In recent years I have published about why emotion goes out of control, and I have given presentations at conferences in the United States and abroad. I have given workshops at both prestigious schools (Cornell and Duke) as well as schools that most people can’t even name (Syracuse University, North Carolina State University).

You might say I have devoted my life to these topics because they are so crucial to me, and yet I have done it in an environment that allows me to have fun, express my emotions, and have a good time at the same time! So I guess that is an answer…

How To Deal With All That Shit

When I first started teaching people how to deal with the emotions in their lives, they mostly had a knee-jerk reaction of throwing their arms up and saying, “Oh God, I don’t have any feelings, that’s so unfair! What kind of emotional garbage is that?” This is a totally understandable reaction because it’s something we don’t fully understand with our own emotions.
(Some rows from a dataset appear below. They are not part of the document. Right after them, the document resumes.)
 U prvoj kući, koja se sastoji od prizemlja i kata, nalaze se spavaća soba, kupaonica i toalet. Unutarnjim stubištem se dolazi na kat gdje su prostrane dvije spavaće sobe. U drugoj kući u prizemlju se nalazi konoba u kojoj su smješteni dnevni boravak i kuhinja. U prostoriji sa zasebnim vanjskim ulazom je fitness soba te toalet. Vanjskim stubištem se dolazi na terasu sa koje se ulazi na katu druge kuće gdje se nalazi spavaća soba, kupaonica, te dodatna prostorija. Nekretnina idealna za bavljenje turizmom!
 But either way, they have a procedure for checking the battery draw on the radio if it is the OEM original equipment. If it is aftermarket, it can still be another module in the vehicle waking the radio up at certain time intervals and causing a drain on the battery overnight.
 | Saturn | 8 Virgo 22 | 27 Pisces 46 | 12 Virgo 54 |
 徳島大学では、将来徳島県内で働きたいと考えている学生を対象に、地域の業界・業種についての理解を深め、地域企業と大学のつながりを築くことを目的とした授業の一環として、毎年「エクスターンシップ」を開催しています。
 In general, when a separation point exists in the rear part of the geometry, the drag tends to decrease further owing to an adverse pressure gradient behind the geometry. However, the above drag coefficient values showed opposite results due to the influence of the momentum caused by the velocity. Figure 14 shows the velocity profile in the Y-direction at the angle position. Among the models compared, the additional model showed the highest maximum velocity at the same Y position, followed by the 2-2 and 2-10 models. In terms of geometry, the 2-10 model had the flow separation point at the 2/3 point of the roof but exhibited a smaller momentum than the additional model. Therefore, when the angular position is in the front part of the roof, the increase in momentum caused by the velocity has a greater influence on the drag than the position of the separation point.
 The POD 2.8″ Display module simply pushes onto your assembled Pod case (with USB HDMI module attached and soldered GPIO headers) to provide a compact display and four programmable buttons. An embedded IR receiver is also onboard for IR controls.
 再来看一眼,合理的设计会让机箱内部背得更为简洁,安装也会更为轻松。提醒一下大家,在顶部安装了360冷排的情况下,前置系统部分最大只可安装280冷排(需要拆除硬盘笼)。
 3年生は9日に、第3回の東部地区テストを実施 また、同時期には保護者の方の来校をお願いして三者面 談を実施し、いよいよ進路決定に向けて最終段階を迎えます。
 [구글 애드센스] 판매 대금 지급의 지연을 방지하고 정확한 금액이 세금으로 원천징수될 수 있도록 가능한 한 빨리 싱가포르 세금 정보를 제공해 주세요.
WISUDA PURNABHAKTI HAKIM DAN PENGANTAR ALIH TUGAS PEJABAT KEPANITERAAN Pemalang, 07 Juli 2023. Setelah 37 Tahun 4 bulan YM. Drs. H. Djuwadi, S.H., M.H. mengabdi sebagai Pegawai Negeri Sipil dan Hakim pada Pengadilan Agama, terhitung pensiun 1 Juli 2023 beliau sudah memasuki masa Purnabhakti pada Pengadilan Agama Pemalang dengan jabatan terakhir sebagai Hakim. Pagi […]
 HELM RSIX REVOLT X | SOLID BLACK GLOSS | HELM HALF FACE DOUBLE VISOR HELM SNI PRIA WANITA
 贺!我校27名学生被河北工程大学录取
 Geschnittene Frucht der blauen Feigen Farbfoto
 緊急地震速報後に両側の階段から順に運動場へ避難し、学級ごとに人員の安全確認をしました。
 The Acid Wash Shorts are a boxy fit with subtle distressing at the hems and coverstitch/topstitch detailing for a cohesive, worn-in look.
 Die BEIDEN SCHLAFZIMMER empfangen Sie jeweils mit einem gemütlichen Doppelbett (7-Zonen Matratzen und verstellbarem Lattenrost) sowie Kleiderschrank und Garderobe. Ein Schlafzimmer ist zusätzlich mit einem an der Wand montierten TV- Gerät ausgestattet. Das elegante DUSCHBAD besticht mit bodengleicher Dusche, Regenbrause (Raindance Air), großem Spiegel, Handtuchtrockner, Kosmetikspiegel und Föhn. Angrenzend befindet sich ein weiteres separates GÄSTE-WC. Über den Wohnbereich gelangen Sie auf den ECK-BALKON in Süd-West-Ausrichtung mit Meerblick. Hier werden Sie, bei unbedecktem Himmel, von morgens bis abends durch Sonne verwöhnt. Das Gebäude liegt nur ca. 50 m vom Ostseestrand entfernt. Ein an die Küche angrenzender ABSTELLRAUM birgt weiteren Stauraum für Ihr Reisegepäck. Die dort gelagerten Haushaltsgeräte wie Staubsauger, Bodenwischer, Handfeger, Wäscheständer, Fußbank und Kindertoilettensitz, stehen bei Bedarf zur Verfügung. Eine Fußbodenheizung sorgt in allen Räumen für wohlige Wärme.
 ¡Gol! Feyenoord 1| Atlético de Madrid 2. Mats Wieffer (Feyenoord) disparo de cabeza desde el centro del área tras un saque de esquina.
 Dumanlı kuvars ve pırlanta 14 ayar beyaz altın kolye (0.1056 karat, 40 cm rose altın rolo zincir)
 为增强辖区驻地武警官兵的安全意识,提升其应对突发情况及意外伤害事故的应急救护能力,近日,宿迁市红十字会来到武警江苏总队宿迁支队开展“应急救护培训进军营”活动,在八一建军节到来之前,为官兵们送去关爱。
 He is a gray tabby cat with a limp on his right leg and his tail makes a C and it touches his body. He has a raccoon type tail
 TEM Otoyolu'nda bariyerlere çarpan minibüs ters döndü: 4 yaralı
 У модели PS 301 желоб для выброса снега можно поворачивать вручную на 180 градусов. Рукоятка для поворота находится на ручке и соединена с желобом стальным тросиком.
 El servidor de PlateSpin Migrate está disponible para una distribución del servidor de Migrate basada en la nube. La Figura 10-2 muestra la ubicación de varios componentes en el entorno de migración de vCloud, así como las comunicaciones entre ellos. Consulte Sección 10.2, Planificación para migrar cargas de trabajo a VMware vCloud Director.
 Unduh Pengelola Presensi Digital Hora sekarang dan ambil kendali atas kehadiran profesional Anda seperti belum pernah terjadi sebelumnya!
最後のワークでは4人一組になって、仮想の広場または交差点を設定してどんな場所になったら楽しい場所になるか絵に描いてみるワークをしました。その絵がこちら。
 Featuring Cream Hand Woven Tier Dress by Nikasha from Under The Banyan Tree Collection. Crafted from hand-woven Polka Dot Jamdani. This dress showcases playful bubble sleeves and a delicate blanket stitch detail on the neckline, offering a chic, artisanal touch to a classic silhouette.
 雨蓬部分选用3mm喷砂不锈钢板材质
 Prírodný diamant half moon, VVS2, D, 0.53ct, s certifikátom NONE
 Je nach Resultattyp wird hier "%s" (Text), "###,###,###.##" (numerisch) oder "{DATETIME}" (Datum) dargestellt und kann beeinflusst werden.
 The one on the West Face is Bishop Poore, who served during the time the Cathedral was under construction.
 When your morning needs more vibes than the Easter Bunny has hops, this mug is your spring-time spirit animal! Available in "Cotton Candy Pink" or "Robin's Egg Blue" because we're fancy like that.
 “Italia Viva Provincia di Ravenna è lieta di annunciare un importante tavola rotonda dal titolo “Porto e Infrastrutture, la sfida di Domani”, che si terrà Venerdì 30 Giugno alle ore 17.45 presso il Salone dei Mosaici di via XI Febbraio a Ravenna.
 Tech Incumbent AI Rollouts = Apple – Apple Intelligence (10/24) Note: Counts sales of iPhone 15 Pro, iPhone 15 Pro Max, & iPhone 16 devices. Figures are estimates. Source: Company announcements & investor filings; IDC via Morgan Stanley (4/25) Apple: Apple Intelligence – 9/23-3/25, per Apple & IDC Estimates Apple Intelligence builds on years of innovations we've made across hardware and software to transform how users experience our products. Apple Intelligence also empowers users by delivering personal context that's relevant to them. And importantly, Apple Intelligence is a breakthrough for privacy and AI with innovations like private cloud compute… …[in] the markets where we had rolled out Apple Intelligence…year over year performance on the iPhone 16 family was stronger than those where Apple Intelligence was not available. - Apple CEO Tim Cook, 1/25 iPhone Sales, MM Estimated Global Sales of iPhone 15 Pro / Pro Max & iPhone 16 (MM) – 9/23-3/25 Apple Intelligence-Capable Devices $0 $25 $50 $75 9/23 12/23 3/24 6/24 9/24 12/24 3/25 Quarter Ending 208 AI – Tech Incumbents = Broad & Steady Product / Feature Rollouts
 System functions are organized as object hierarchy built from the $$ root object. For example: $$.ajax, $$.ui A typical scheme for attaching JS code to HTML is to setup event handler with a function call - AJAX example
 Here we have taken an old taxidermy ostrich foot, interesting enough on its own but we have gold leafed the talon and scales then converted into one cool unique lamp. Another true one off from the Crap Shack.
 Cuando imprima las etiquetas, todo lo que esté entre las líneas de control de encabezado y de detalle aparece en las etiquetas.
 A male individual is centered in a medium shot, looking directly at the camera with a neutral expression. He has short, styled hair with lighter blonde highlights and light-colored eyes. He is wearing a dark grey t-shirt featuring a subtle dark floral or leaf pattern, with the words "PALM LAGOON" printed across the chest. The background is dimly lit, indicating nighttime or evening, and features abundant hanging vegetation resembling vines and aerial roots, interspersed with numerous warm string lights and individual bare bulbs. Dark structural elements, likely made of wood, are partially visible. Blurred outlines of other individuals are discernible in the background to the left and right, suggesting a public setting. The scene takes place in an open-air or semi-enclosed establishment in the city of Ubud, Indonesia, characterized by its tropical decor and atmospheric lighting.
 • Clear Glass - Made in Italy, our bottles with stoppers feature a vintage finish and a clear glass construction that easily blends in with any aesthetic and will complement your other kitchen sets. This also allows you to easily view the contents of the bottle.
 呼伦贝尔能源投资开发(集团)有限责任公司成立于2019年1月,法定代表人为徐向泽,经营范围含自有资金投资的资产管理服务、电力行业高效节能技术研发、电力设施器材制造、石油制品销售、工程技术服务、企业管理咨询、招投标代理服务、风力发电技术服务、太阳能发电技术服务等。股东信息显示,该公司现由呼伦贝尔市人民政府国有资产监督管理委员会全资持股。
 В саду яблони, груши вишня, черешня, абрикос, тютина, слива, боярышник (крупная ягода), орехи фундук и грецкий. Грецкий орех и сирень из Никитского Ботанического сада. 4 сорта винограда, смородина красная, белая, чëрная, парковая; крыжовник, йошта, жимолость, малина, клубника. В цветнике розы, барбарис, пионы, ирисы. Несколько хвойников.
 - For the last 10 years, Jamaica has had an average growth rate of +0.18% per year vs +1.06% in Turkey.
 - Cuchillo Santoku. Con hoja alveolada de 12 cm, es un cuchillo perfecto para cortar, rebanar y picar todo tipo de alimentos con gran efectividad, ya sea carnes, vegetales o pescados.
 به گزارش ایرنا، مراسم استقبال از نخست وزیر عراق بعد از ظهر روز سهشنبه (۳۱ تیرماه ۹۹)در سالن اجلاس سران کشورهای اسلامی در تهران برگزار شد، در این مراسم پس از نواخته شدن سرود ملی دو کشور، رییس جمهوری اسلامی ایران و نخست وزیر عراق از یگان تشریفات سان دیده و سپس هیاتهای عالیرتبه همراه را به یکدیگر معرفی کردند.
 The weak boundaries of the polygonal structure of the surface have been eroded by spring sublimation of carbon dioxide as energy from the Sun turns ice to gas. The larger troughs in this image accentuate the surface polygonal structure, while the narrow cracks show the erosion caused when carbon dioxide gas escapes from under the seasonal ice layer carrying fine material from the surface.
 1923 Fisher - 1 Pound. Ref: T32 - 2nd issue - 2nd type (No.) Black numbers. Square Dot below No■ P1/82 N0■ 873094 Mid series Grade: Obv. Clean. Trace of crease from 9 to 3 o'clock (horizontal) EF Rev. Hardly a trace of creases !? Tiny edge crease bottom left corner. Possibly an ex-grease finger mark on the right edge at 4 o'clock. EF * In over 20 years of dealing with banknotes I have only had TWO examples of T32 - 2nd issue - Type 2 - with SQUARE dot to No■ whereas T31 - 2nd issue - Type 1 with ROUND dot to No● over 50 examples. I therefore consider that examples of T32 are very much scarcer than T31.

I have worked with students who have a lot of emotional issues to deal with (emotionally addicted clients, borderline personality, etc.), and it was really interesting to see how each person reacted differently to something that is “so unfair” to them.

My first piece of advice was to think about the emotion and then think about how you feel right now. The reason you feel like such a moron right now is because you are acting on a bad choice (I have had clients tell me if they don’t work through an issue, they start to feel bad about themselves). The key is to take the choice apart and look at the whole situation. That way you can have a positive emotion even if you are in a negative situation.

You will notice in my examples in the past two posts how I try to use emotion to work on issues. One example will be showing clients that sometimes it’s okay to lose a competitive game with someone else if the loss will cause them to “get out of the emotional hole” they are caught in. This is a great example of using your emotions for your benefit rather than using them for your own destruction. So you are in a situation where you need to work your way out of this emotional hole, but it may not work out the way you want. One way to “get out of the hole” is to “win” by making the opposite decision (if you need help with this, I highly recommend you read my article “Emotional Healing” ).

Another example is my presentation on how to deal with anger using a list of rules. Instead of using an argument, it is a list of emotions that are the cause of anger and an action plan that you can use to get back to a happier state (you may notice it’s about anger, but it’s so much more than that).

But I’m the kind of person that needs to read and do more than just hear me talk about my emotional issues, so I asked my colleague, Dr. Richard Ryan, to come up with a list of tips to help us deal with our emotions:

For some reason, most people tend to avoid doing anything related to self-care and positive psychology, and yet, being self-care does not automatically put us in the negative category.